Task to carry out:
Ignoring every picture, transcribe the data in full as it stands.

[Items from a dataset]
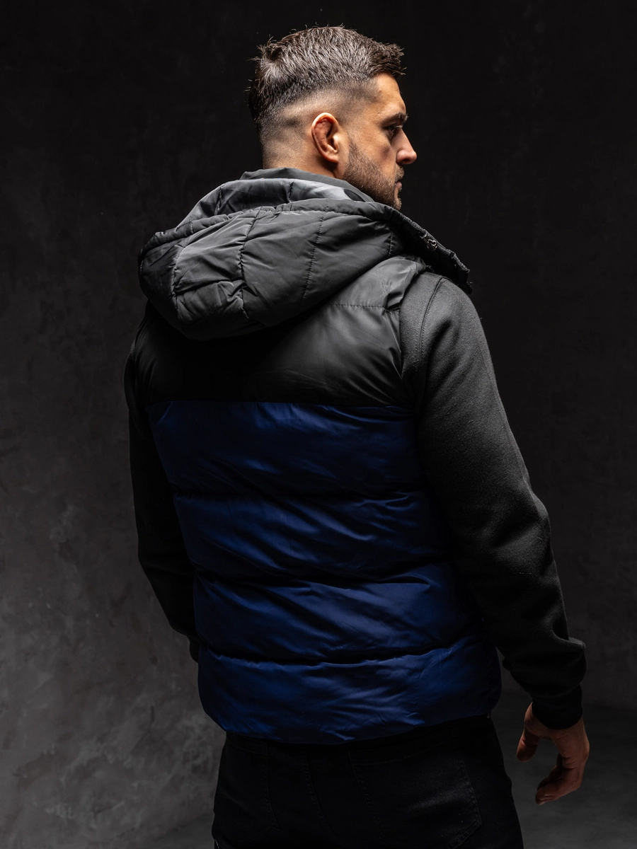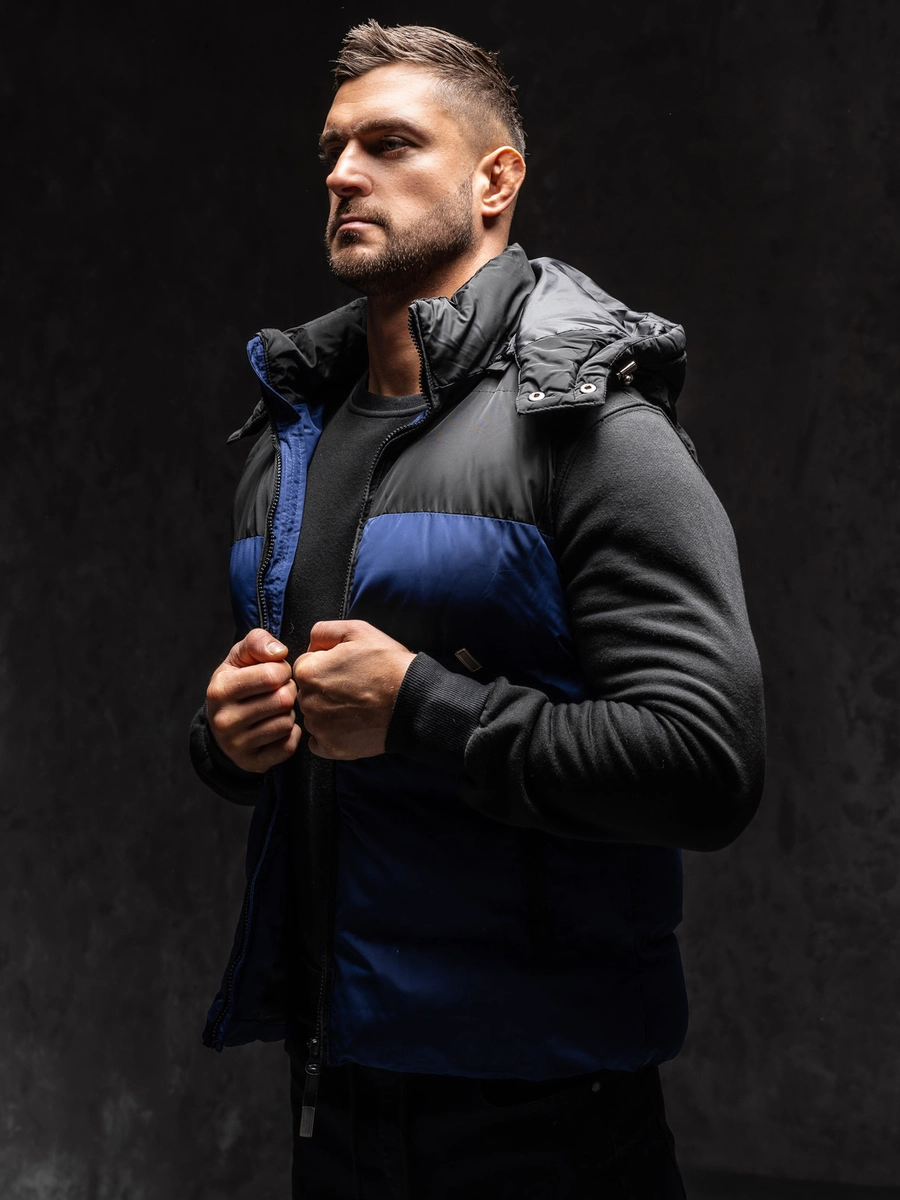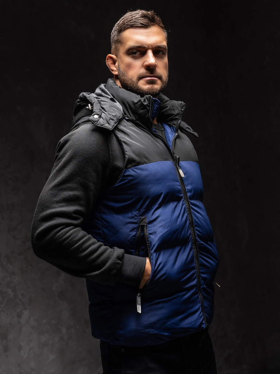 Snygg marinblå quiltad herrväst med huva 1189A1 från Bolfs kollektion. Västen har en avtagbar huva som skyddar dig från att bli blöt under regniga dagar. Stängs med en vanlig dragkedja. Den har en stå-upp krage. En stor fördel med produkten är att den har tre fickor med dragkedjor. Två rymliga fickor som kan skydda dina händer mot kyla. Innerfickan passar perfekt för telefon, nycklar eller andra små saker. Huvan kan regleras. Det gör att den skyddar utmärkt mot kyla och regn. Västen är för alla som gillar en sportig stil. Den är perfekt vid opålitligt väder. Den håller dig varm under en långpromenad i staden eller ute i naturen eller på joggingturen. Du kommer känna dig bekväm med den under vandringar eller långa krävande löpturer. Flexibiliteten i materialet gör att den är perfekt att använda vid dåligt väder och krävande fysisk avktivitet. Du kommer se elegant och snygg ut i den under en helgtripp med dina vänner. Den finns i flera olika färger vilket gör att den lätt matchas med olika kläder. Den kan kombineras med jeans, joggers och en långärmad top. Passar även med en skjorta eller en tröja. Den är ett måste i varje mans garderob, tack vare mångsidigheten kan den användas vid många olika tillfällen, både sociala och sportiga. Västen är tillverkad av 100 % polyester, vilket garanterar bekvämlighet varje dag. Tack vare att den är så prisvärd är det den perfekta födelsedagspresenten eller julklappen. Den kommer tillfredsställa den mest kräsna mannen.
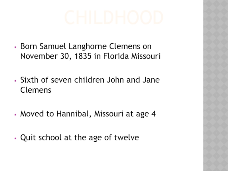 Born Samuel Langhorne Clemens on November 30, 1835 in Florida Missouri
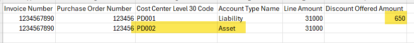 The cross join between invoice header level field and GL activity is not working the same as out of the box ERP/OTBI cross join. When using FDI out of the box subject areas, we can only display invoice header line with the accompanying liability GL account. We have a business need to display invoice header field with the associated asset account. We would like this functionality to be the same in both ERP and FDI reporting. Below is an example of where the invoice header field is not repeating across the GL accounts.
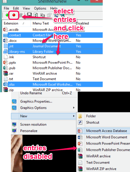 On its interface, it provides the list of all entries of ‘New’ sub-menu. Using its interface, you can batch disable entries and vice-versa. So, when you want to display only important entries, this software is handy. Later on, you can enable all disabled entries according to your requirement.
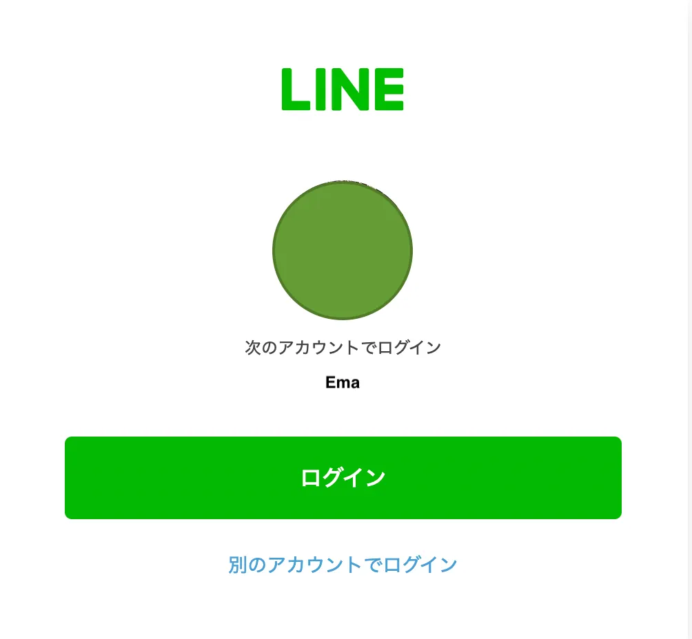 表示とは別のLINEアカウントでログインをしたい場合、[別のアカウントでログイン]をタップし、別のLINEアカウントのメールアドレスをパスワードを入力して[ログイン]をタップしてください。
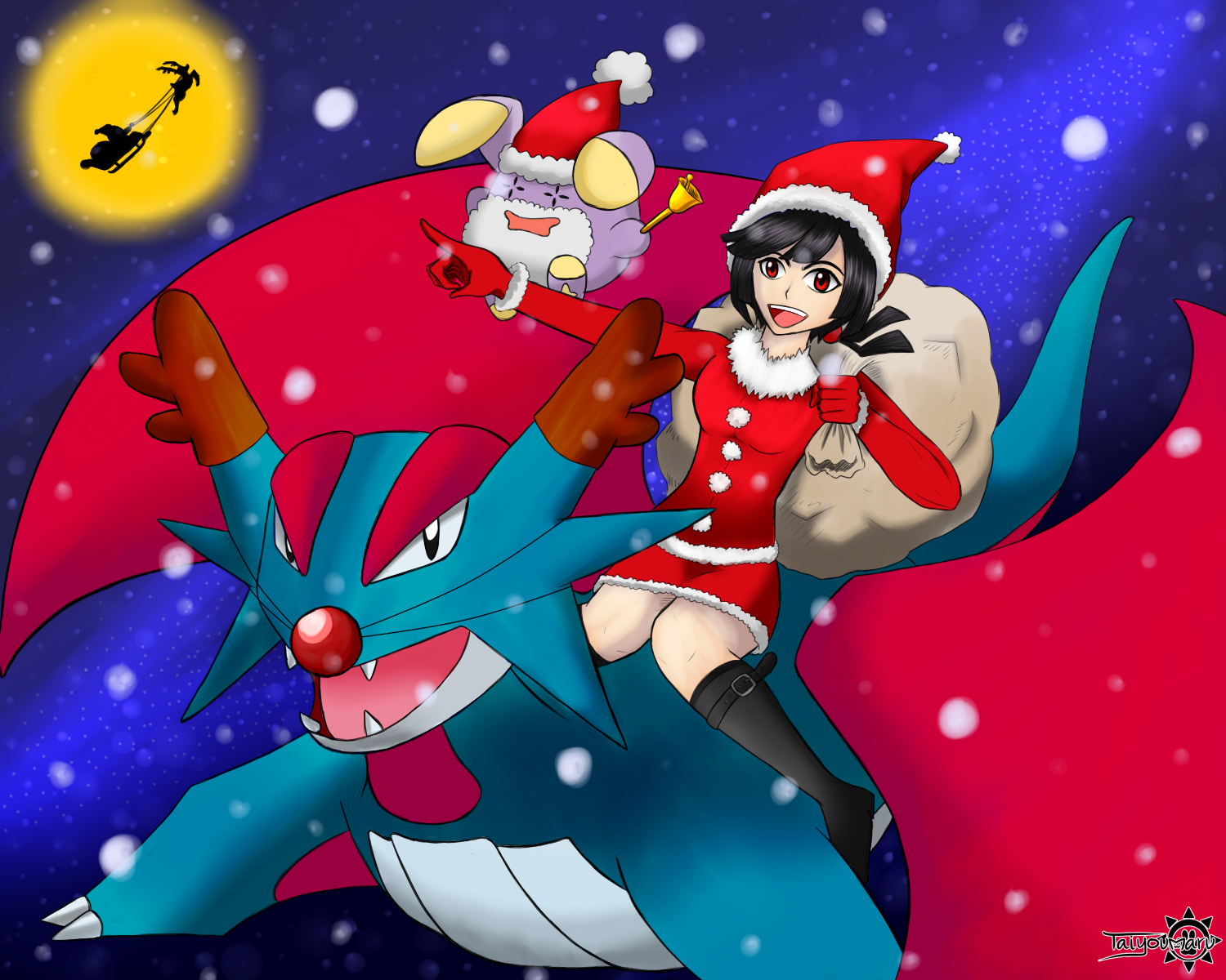 Christmas Zinnia Salamence Whismur Dragon Flying Normal Trainer Fanart Pokemon
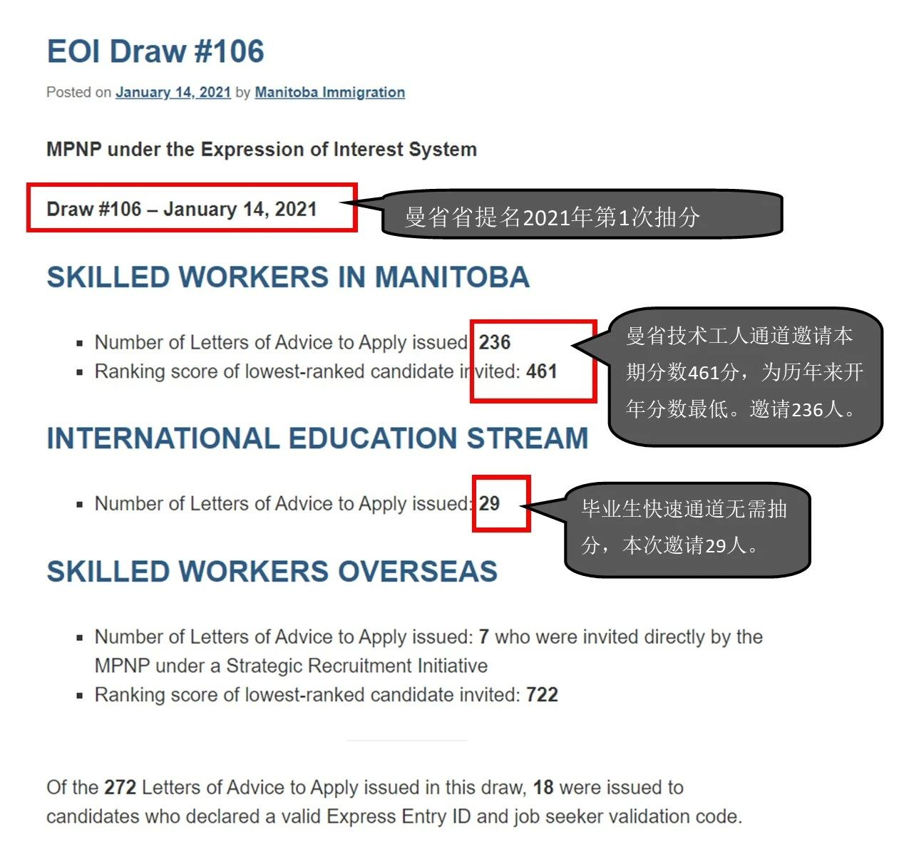 本期曼省技術工人類別共計邀請236位申請人,邀請分數為461分。分數和上輪一樣保持不變,依然低于500分。創下了歷年來開年邀請的低分之最。
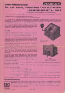 1950 / 09 : Gebrauchsanweisung für den neuen, verstärkten Transformator „MÄRKLIN-SUPER” Nr. 280 A
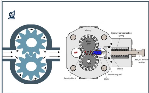 – Bánh răng nghiêng tạo hiệu suất lưu lượng cao, giảm tiếng ồn.
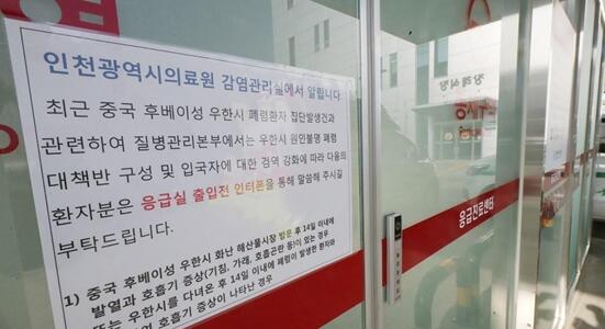 1月20日,仁川医疗中心急诊室入口贴着有关武汉肺炎疫情的提醒指南。当天,一名中国籍女性被确诊感染新型冠状病毒肺炎,该患者正在仁川医疗中心负压病房接受隔离治疗。韩联社

Response area:
 Snygg marinblå quiltad herrväst med huva 1189A1 från Bolfs kollektion. Västen har en avtagbar huva som skyddar dig från att bli blöt under regniga dagar. Stängs med en vanlig dragkedja. Den har en stå-upp krage. En stor fördel med produkten är att den har tre fickor med dragkedjor. Två rymliga fickor som kan skydda dina händer mot kyla. Innerfickan passar perfekt för telefon, nycklar eller andra små saker. Huvan kan regleras. Det gör att den skyddar utmärkt mot kyla och regn. Västen är för alla som gillar en sportig stil. Den är perfekt vid opålitligt väder. Den håller dig varm under en långpromenad i staden eller ute i naturen eller på joggingturen. Du kommer känna dig bekväm med den under vandringar eller långa krävande löpturer. Flexibiliteten i materialet gör att den är perfekt att använda vid dåligt väder och krävande fysisk avktivitet. Du kommer se elegant och snygg ut i den under en helgtripp med dina vänner. Den finns i flera olika färger vilket gör att den lätt matchas med olika kläder. Den kan kombineras med jeans, joggers och en långärmad top. Passar även med en skjorta eller en tröja. Den är ett måste i varje mans garderob, tack vare mångsidigheten kan den användas vid många olika tillfällen, både sociala och sportiga. Västen är tillverkad av 100 % polyester, vilket garanterar bekvämlighet varje dag. Tack vare att den är så prisvärd är det den perfekta födelsedagspresenten eller julklappen. Den kommer tillfredsställa den mest kräsna mannen.
 Born Samuel Langhorne Clemens on November 30, 1835 in Florida Missouri
 The cross join between invoice header level field and GL activity is not working the same as out of the box ERP/OTBI cross join. When using FDI out of the box subject areas, we can only display invoice header line with the accompanying liability GL account. We have a business need to display invoice header field with the associated asset account. We would like this functionality to be the same in both ERP and FDI reporting. Below is an example of where the invoice header field is not repeating across the GL accounts.
 On its interface, it provides the list of all entries of ‘New’ sub-menu. Using its interface, you can batch disable entries and vice-versa. So, when you want to display only important entries, this software is handy. Later on, you can enable all disabled entries according to your requirement.
 表示とは別のLINEアカウントでログインをしたい場合、[別のアカウントでログイン]をタップし、別のLINEアカウントのメールアドレスをパスワードを入力して[ログイン]をタップしてください。
 Christmas Zinnia Salamence Whismur Dragon Flying Normal Trainer Fanart Pokemon
 本期曼省技術工人類別共計邀請236位申請人,邀請分數為461分。分數和上輪一樣保持不變,依然低于500分。創下了歷年來開年邀請的低分之最。
 1950 / 09 : Gebrauchsanweisung für den neuen, verstärkten Transformator „MÄRKLIN-SUPER” Nr. 280 A
 – Bánh răng nghiêng tạo hiệu suất lưu lượng cao, giảm tiếng ồn.
 1月20日,仁川医疗中心急诊室入口贴着有关武汉肺炎疫情的提醒指南。当天,一名中国籍女性被确诊感染新型冠状病毒肺炎,该患者正在仁川医疗中心负压病房接受隔离治疗。韩联社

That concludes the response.